START The data

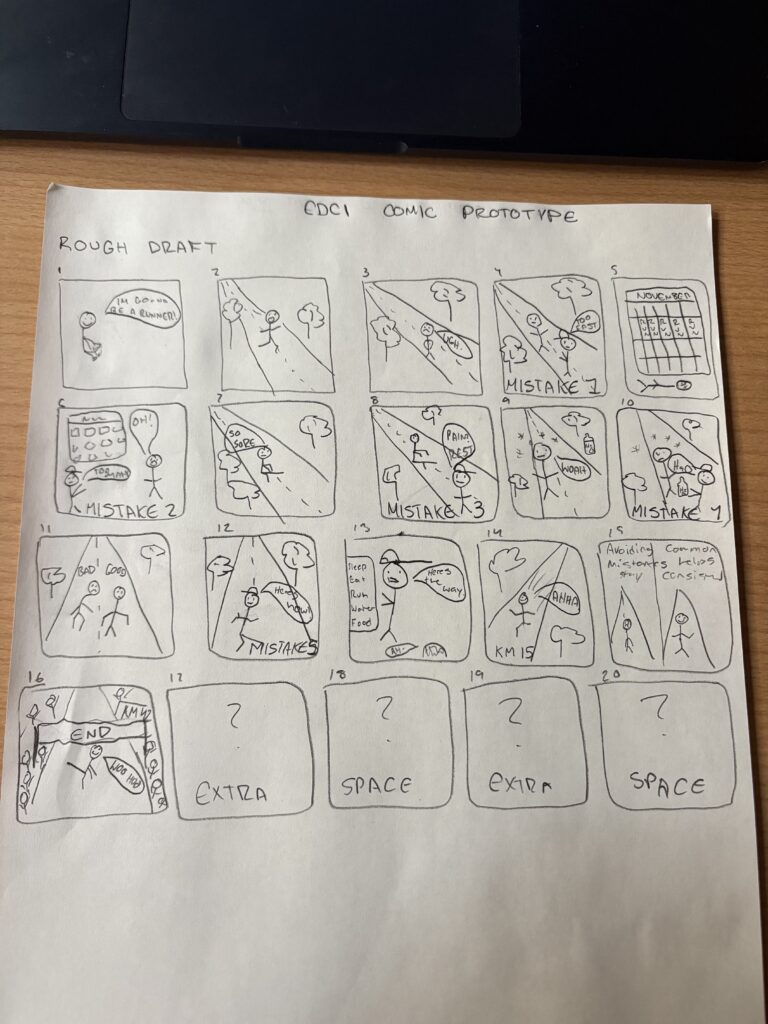 I brainstormed a list of common running mistakes based on my own personal experience, these include running too fast, increasing mileage too quickly, ignoring recovery and improper fuel/hydration. From there, I decided to structure the comic as a short journey that follows a new runner who struggles at first, learns important lessons along the way, and gradually improves. The overall tone will be relatable, encouraging, and realistic so that readers can see themselves in the story and feel motivated to apply the lessons to their own running.
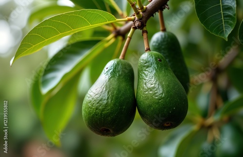 Ripe avocados hanging on avocado trees in a lush green plantation. Close-up view of fruits. Fresh healthy organic produce. Tropical farm. Harvesting time. Healthy food source.
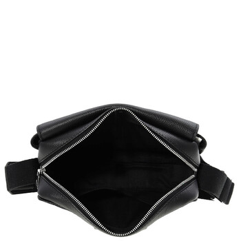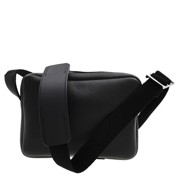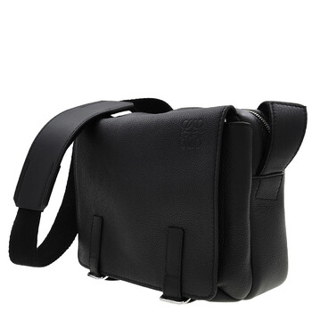 Loewe Men's Messenger. SKU: B553A72X22.1100. Barcode: 8445555132295. Color: Black. Size: Height 18cm x Width 23cm x Depth 9cm. Loewe XS Military Messenger Bag - Black. The LOEWE Military Messenger Bag is a refined accessory crafted from soft grained calfskin leather. It features a double leather tab, offering both shoulder and crossbody carry options. The bag includes an adjustable webbing strap, a zip closure, a front pocket with magnetic closure, and an internal slip pocket. The interior is lined with herringbone cotton canvas, and the front is adorned with an embossed Anagram logo. Main material : Soft Grained Calf Leather. Made in Portugal.
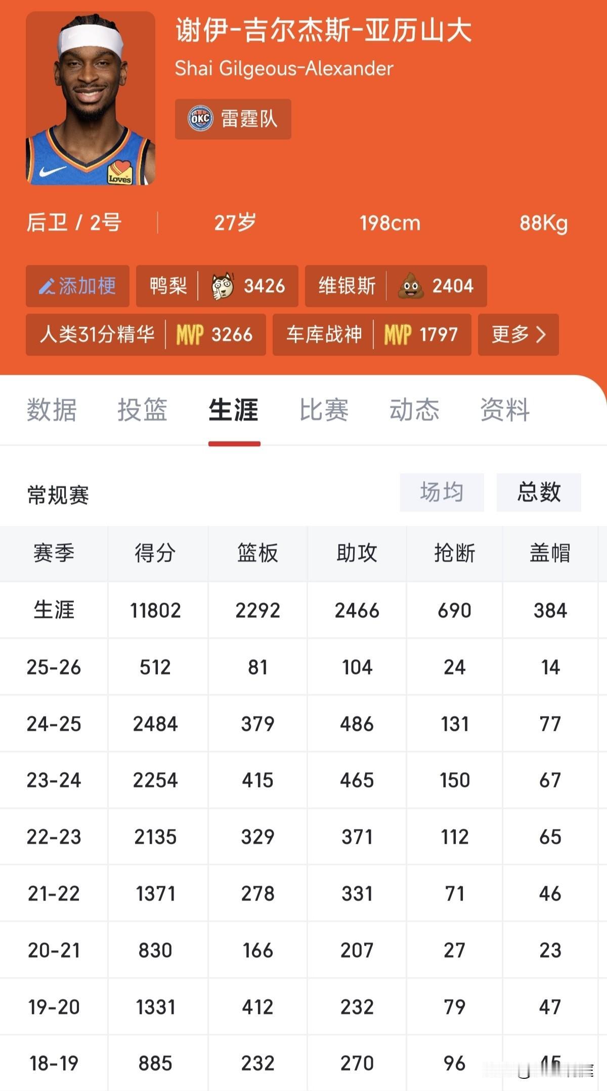 本赛季第一个500分球员出现,今天比赛结束后,雷霆当家球星亚历山大总得分达到了5
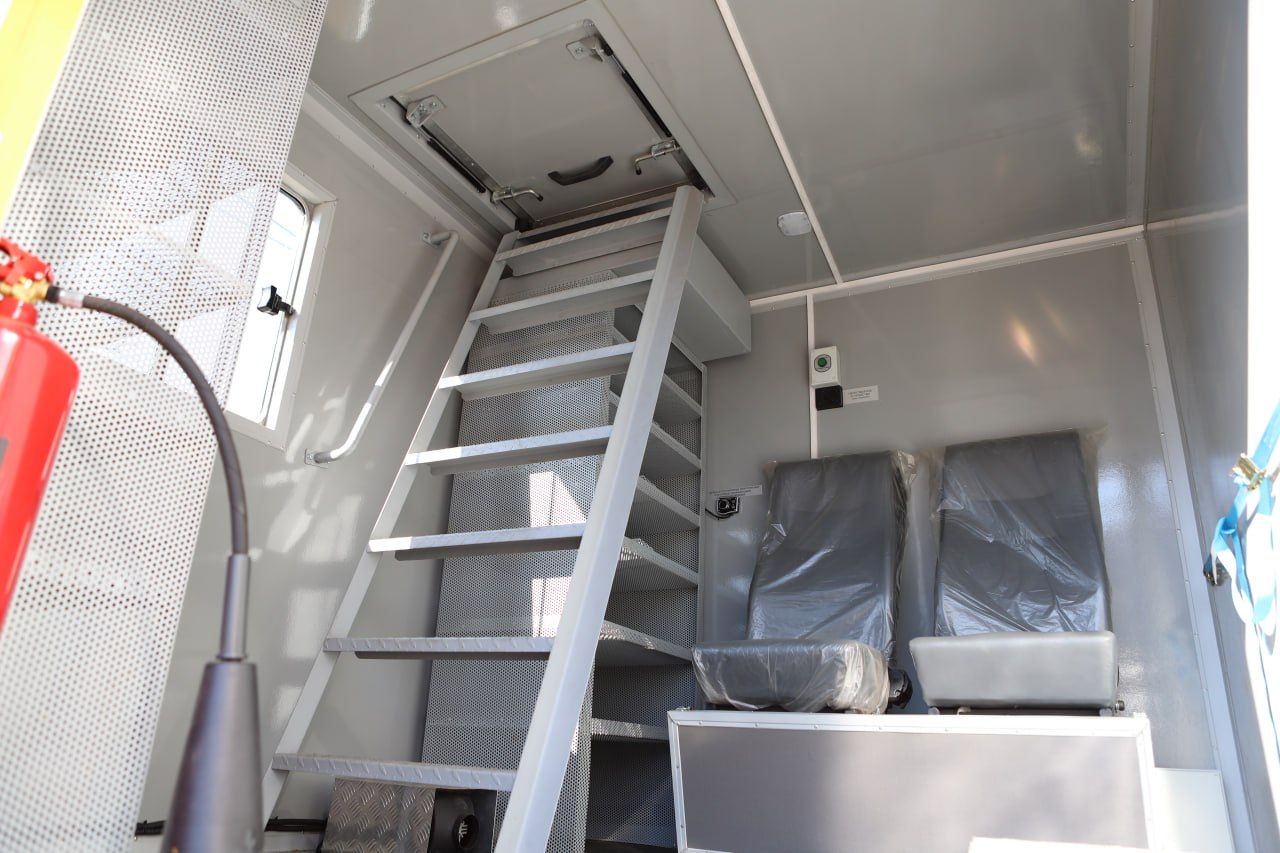 Автомобиль оборудован двумя площадками для осмотра линии контактной сети: стационарной и подъемной. Максимальная высота подъема второй – 7 метров. В кунге находятся сидения для бригады, лестницы для безопасного выхода наверх, обогреватель, рации для связи с водителем и машинистом автовышки.
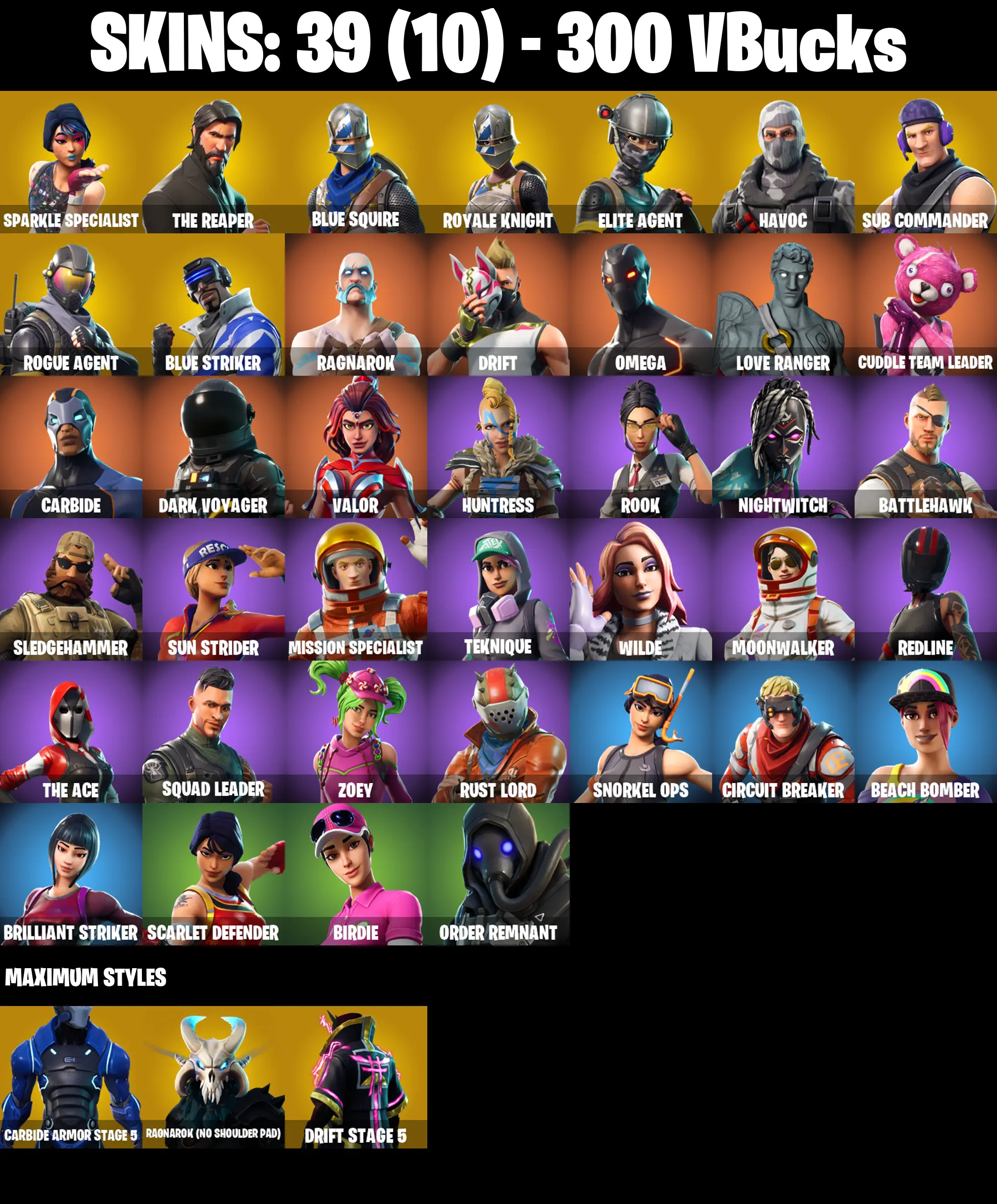 ๐ [PC/PSN/XBOX] 39 SKINS | Sparkle Specialist, The Reaper, Blue Squire, Royale Knight, Elite Agent, Take The L, Havoc, Sub Commander, Rogue Agent, Blue Striker, Ragnarok, Drift, Omega, Love Ranger, Cuddle Team Leader, Carbide
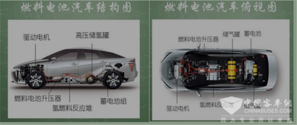 组成:氢燃料电池车主要由高压储气罐、氢燃料电池堆栈、燃料电池升压器、动力蓄电池组、驱动电动机和动力控制单元等组成。
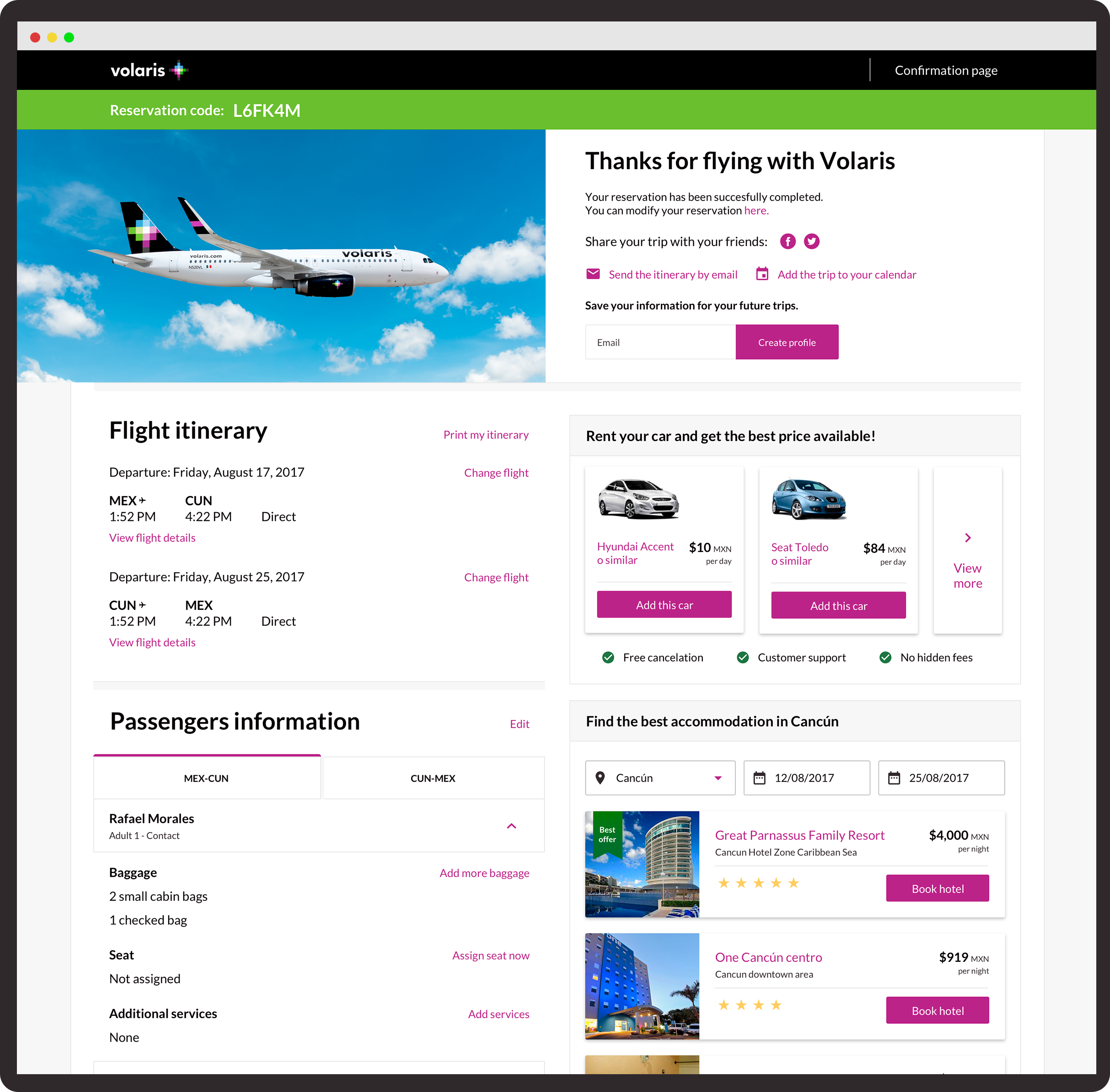 Moving forward, clients can access their booked trips, and manage their bookings. Offering them the chance to modify itinerary, add extra services or checkin from web and save time.
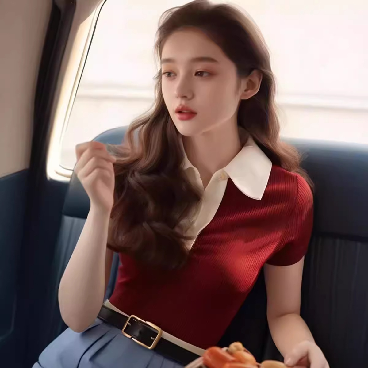 夏季法式独特别致冰丝针织上衣高级设计感polo领多巴胺短袖t恤女

END The data

With the pictures left out, give again exactly the lines from the one that contains "Loewe Men's Messenger." through the final line of the data above.

__Answer for this exercise__:
 Loewe Men's Messenger. SKU: B553A72X22.1100. Barcode: 8445555132295. Color: Black. Size: Height 18cm x Width 23cm x Depth 9cm. Loewe XS Military Messenger Bag - Black. The LOEWE Military Messenger Bag is a refined accessory crafted from soft grained calfskin leather. It features a double leather tab, offering both shoulder and crossbody carry options. The bag includes an adjustable webbing strap, a zip closure, a front pocket with magnetic closure, and an internal slip pocket. The interior is lined with herringbone cotton canvas, and the front is adorned with an embossed Anagram logo. Main material : Soft Grained Calf Leather. Made in Portugal.
 本赛季第一个500分球员出现,今天比赛结束后,雷霆当家球星亚历山大总得分达到了5
 Автомобиль оборудован двумя площадками для осмотра линии контактной сети: стационарной и подъемной. Максимальная высота подъема второй – 7 метров. В кунге находятся сидения для бригады, лестницы для безопасного выхода наверх, обогреватель, рации для связи с водителем и машинистом автовышки.
 ๐ [PC/PSN/XBOX] 39 SKINS | Sparkle Specialist, The Reaper, Blue Squire, Royale Knight, Elite Agent, Take The L, Havoc, Sub Commander, Rogue Agent, Blue Striker, Ragnarok, Drift, Omega, Love Ranger, Cuddle Team Leader, Carbide
 组成:氢燃料电池车主要由高压储气罐、氢燃料电池堆栈、燃料电池升压器、动力蓄电池组、驱动电动机和动力控制单元等组成。
 Moving forward, clients can access their booked trips, and manage their bookings. Offering them the chance to modify itinerary, add extra services or checkin from web and save time.
 夏季法式独特别致冰丝针织上衣高级设计感polo领多巴胺短袖t恤女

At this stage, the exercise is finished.